Proteins homologous to leaf glycoproteins are abundant in stems of dark-grown soybean seedlings. Analysis of proteins and cDNAs.

机构信息

Department of Biochemistry and Biophysics, Texas A&M University, 77843, College Station, TX, USA.

出版信息

Plant Mol Biol. 1988 Nov;11(6):845-56. doi: 10.1007/BF00019524.

Abstract

We report here the cloning and sequence analysis of cDNAs for a pair of closely related proteins from soybean (Glycine max [L.] Merr. cv. Williams 82) stems. Both proteins are abundant in soluble extracts of seedling stems but not of roots. One of these proteins (M r=28 kDa) is also foundd in the cell wall fraction of stems and actumulates there when seedlings are exposed to mild water deficit for 48 h.
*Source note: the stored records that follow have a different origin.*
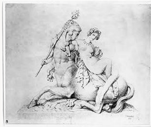
Fig. 3, Pradier, Bacchante and Centaur . Drawing by Pradier after the lost plaster. Pencil on paper. Kunstmuseum, St. Gallen (Switzerland). [larger image]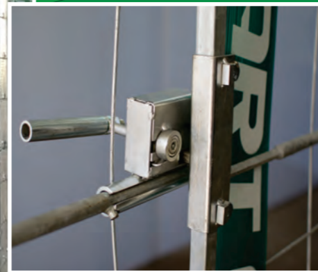
Key Lock Entrance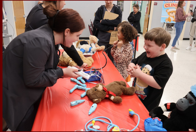
TEDDY BEAR CLINIC AT HCHS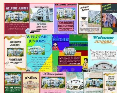
E-Poster Making Competition - Photography & PowerPoint Committee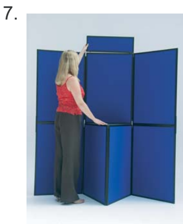
Add a header panel by inserting the header into the top frame and securing with the fixing channel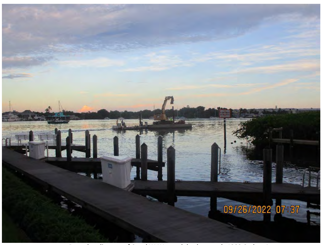
Barge heading out of Canal W-W mouth back towards 1300 Curlew Ave.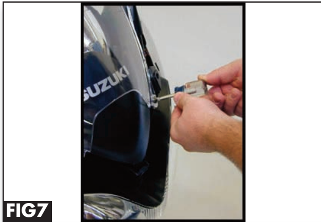
Fig 7. Remove the 2 screws that fasten the rubber well-nuts.

Please see www.zerogravity-racing.com for further information concerning this product.

The mRNA for these proteins is most abundant in the stem region which contains dividing cells, less abundant in elongating and mature stem cells, and rare in roots. Using antiserum against the 28 kDa protein, we isolated cDNA clones encoding it and an antigenically related 31 kDa protein. The two cDNAs are 80% homologous in nucleotide and amino acid coding sequence. The predicted proteins have similar hydropathy profiles, and contain putative NH2-terminal signal sequences and a single putative N-linked glycosylation site. The two proteins differ significantly in calculated pI (28 kDa=8.6; 31 kDa=5.8), and the charge difference is demonstrated on two-dimensional gels. The proteins described here may function as somatic storage proteins during early seedling development, and are closely related to glycoproteins which accumulate in vacuoles of paraveinal mesophyll cells of fully expanded soybean leaves when plants are depodded.

摘要

我们在这里报告了一对来自大豆(Glycine max [L.] Merr. cv. Williams 82)茎的密切相关的蛋白质的 cDNA 的克隆和序列分析。这两种蛋白质在幼苗茎的可溶性提取物中含量丰富,但在根中不丰富。其中一种蛋白质(Mr=28 kDa)也存在于茎的细胞壁部分,当幼苗暴露在轻度水分亏缺 48 小时时,它会在那里积累。这些蛋白质的 mRNA 在含有分裂细胞的茎区最为丰富,在伸长和成熟的茎细胞中较少,在根中很少。使用针对 28 kDa 蛋白的抗血清,我们分离出编码它和一种抗原相关的 31 kDa 蛋白的 cDNA 克隆。这两个 cDNA 在核苷酸和氨基酸编码序列上有 80%的同源性。预测的蛋白质具有相似的疏水性图谱,并且含有推定的 NH2-末端信号序列和一个单一的推定的 N-连接糖基化位点。这两种蛋白质在计算的 pI(28 kDa=8.6;31 kDa=5.8)上有显著差异,并且在二维凝胶上显示出电荷差异。这里描述的蛋白质可能在早期幼苗发育期间作为体细胞储存蛋白发挥作用,并且与当植物去荚时完全展开的大豆叶片的侧脉间叶肉细胞的液泡中积累的糖蛋白密切相关。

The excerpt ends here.